● **What you have to do**:
Return all entries verbatim; skip any pictures.

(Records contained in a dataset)
※ ※ ※
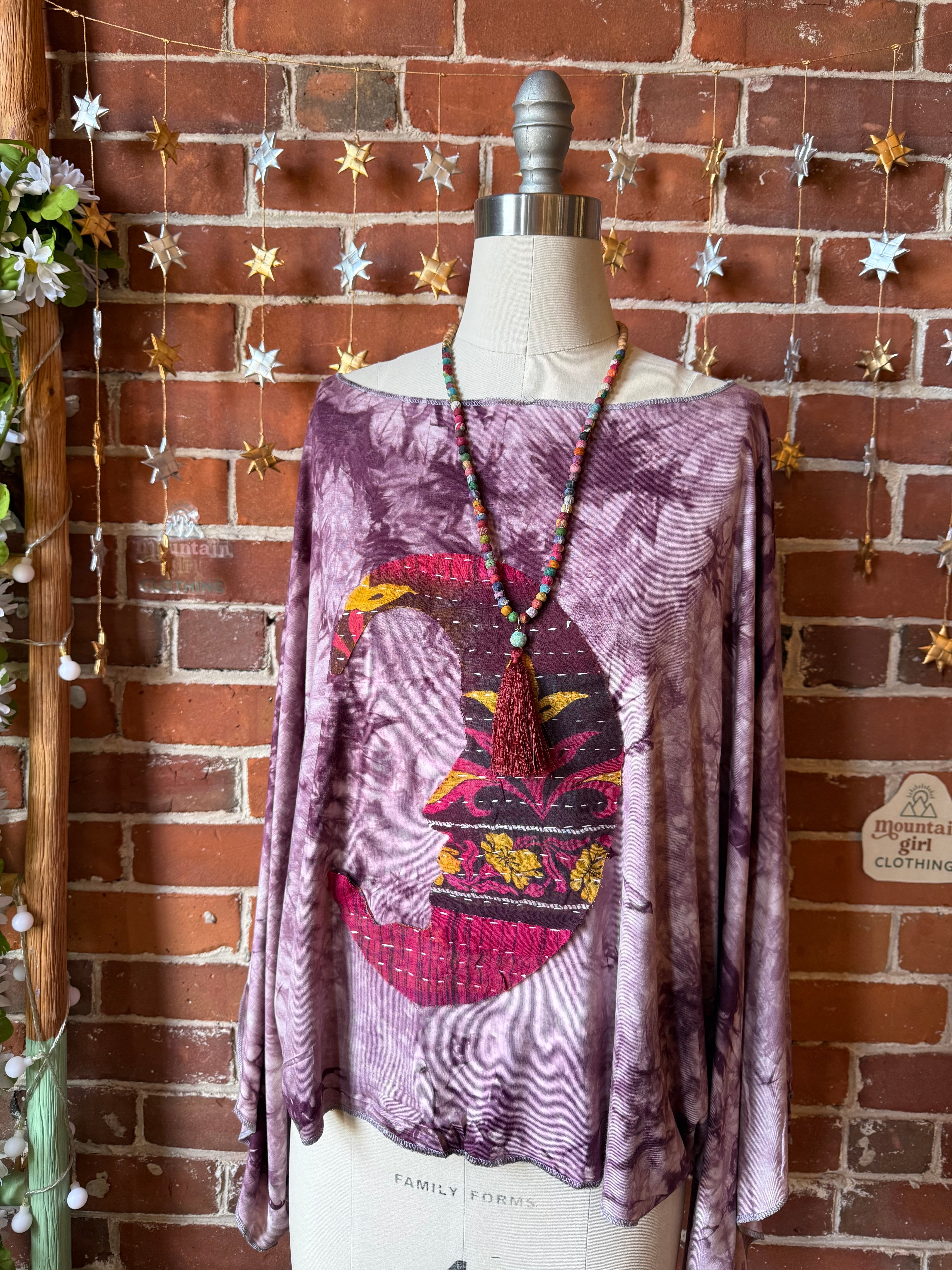 One of a kind kantha crescent moon on the front.
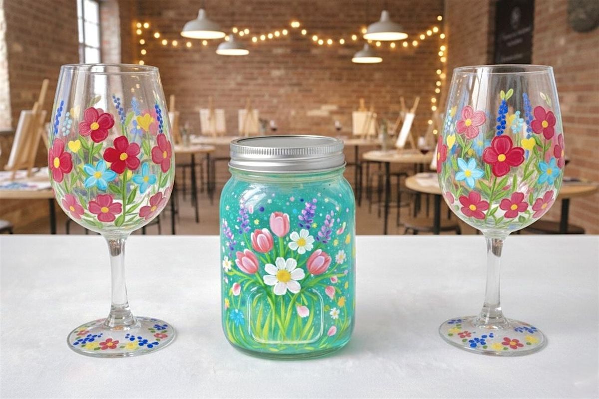 Join me for a relaxed, beginner-friendly DIY Paint & Sip experience where we’ll hand-paint a spring-inspired wine glass and matching mason jar on March 28 from 6:00 PM to 8:30 PM.
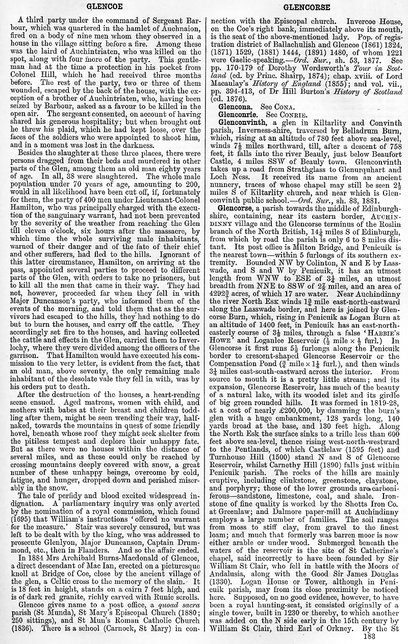Glencoe, Glencona, Glencourie, Glenconvinth, Glencorse
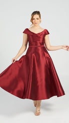 Crafted from luxurious mikado, the Petra Gown exemplifies timeless elegance with its striking off-shoulder design and distinctive crisscross neckline that frames the décolletage beautifully. The fitted bodice is defined by a refined waist cinched with a delicate self-fabric belt, creating a flattering hourglass silhouette. Below, the softly pleated skirt flows with graceful movement, offering both sophistication and comfort. This gown seamlessly transitions from formal events to black-tie occasions, making it an investment piece for the discerning wardrobe. The structured mikado fabric ensures the gown maintains its shape throughout the evening, while the classic design ensures enduring style season after season.
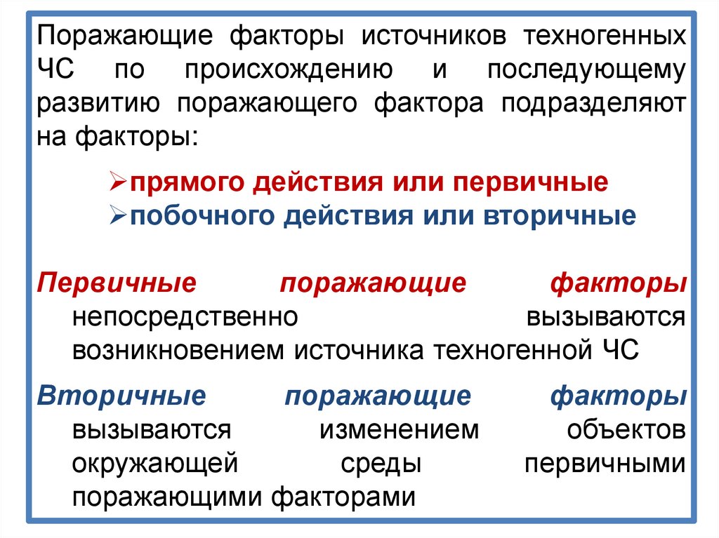 Поражающие факторы источников техногенныхЧС по происхождению и последующему
※ ※ ※
● **Output for this task**:
 One of a kind kantha crescent moon on the front.
 Join me for a relaxed, beginner-friendly DIY Paint & Sip experience where we’ll hand-paint a spring-inspired wine glass and matching mason jar on March 28 from 6:00 PM to 8:30 PM.
Glencoe, Glencona, Glencourie, Glenconvinth, Glencorse
 Crafted from luxurious mikado, the Petra Gown exemplifies timeless elegance with its striking off-shoulder design and distinctive crisscross neckline that frames the décolletage beautifully. The fitted bodice is defined by a refined waist cinched with a delicate self-fabric belt, creating a flattering hourglass silhouette. Below, the softly pleated skirt flows with graceful movement, offering both sophistication and comfort. This gown seamlessly transitions from formal events to black-tie occasions, making it an investment piece for the discerning wardrobe. The structured mikado fabric ensures the gown maintains its shape throughout the evening, while the classic design ensures enduring style season after season.
 Поражающие факторы источников техногенныхЧС по происхождению и последующему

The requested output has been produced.